[Opening Records provided section]
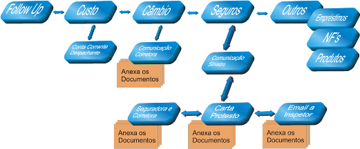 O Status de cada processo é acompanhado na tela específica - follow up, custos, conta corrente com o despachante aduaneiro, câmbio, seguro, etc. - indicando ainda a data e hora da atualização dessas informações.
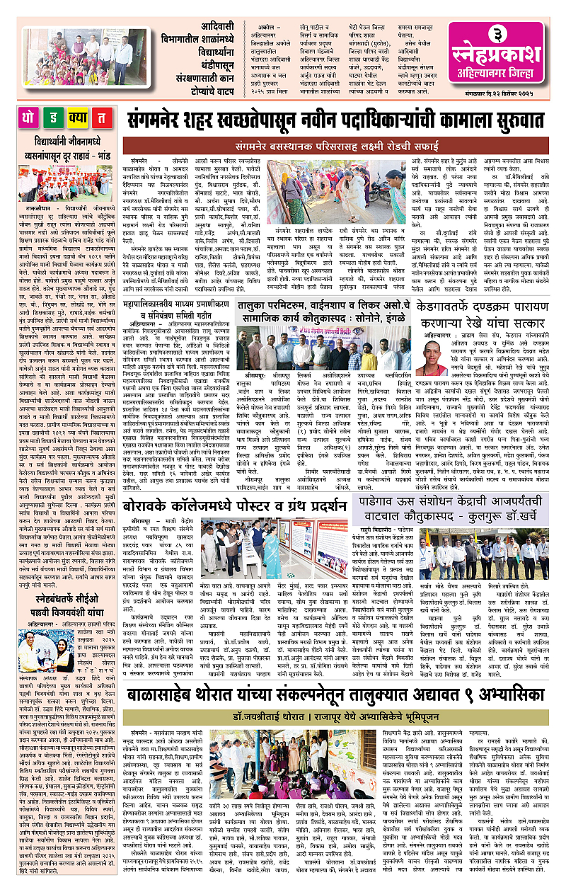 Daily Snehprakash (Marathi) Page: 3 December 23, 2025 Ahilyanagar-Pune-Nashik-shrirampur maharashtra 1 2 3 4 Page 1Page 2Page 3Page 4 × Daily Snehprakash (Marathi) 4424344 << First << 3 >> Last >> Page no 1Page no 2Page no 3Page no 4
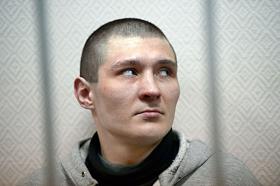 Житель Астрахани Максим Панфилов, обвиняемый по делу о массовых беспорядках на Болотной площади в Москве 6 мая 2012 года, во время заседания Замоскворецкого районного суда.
[Closing Records provided section]
[Opening Records provided section]
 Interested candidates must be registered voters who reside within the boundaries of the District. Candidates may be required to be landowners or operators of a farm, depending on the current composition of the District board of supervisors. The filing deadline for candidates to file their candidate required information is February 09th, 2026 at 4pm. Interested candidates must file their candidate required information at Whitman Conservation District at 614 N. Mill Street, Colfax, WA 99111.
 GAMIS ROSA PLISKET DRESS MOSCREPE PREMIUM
[Closing Records provided section]
[Opening Records provided section]
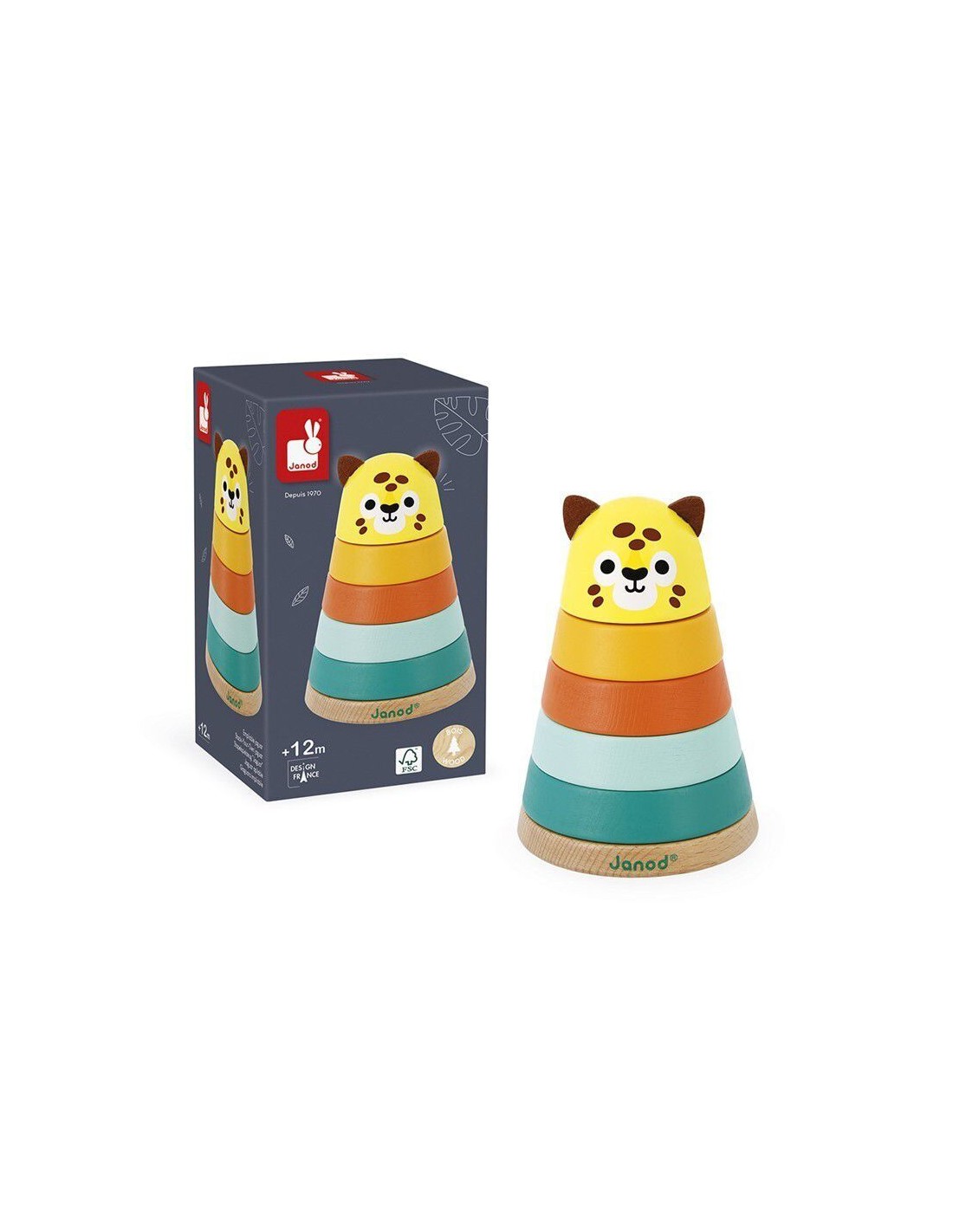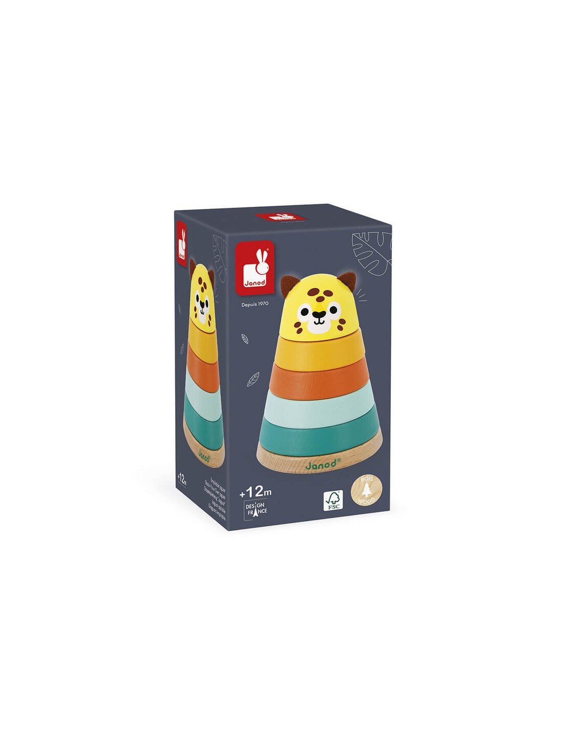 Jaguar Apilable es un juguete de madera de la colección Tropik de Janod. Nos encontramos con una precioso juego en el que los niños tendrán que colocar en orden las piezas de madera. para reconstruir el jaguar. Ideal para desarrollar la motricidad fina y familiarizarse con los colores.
[Closing Records provided section]
• [Task]
Among the entries above, take the line with "O Status de", the line with "Житель Астрахани Максим", and all the lines between them, and restate them word for word without pictures.

• [Result]
 O Status de cada processo é acompanhado na tela específica - follow up, custos, conta corrente com o despachante aduaneiro, câmbio, seguro, etc. - indicando ainda a data e hora da atualização dessas informações.
 Daily Snehprakash (Marathi) Page: 3 December 23, 2025 Ahilyanagar-Pune-Nashik-shrirampur maharashtra 1 2 3 4 Page 1Page 2Page 3Page 4 × Daily Snehprakash (Marathi) 4424344 << First << 3 >> Last >> Page no 1Page no 2Page no 3Page no 4
 Житель Астрахани Максим Панфилов, обвиняемый по делу о массовых беспорядках на Болотной площади в Москве 6 мая 2012 года, во время заседания Замоскворецкого районного суда.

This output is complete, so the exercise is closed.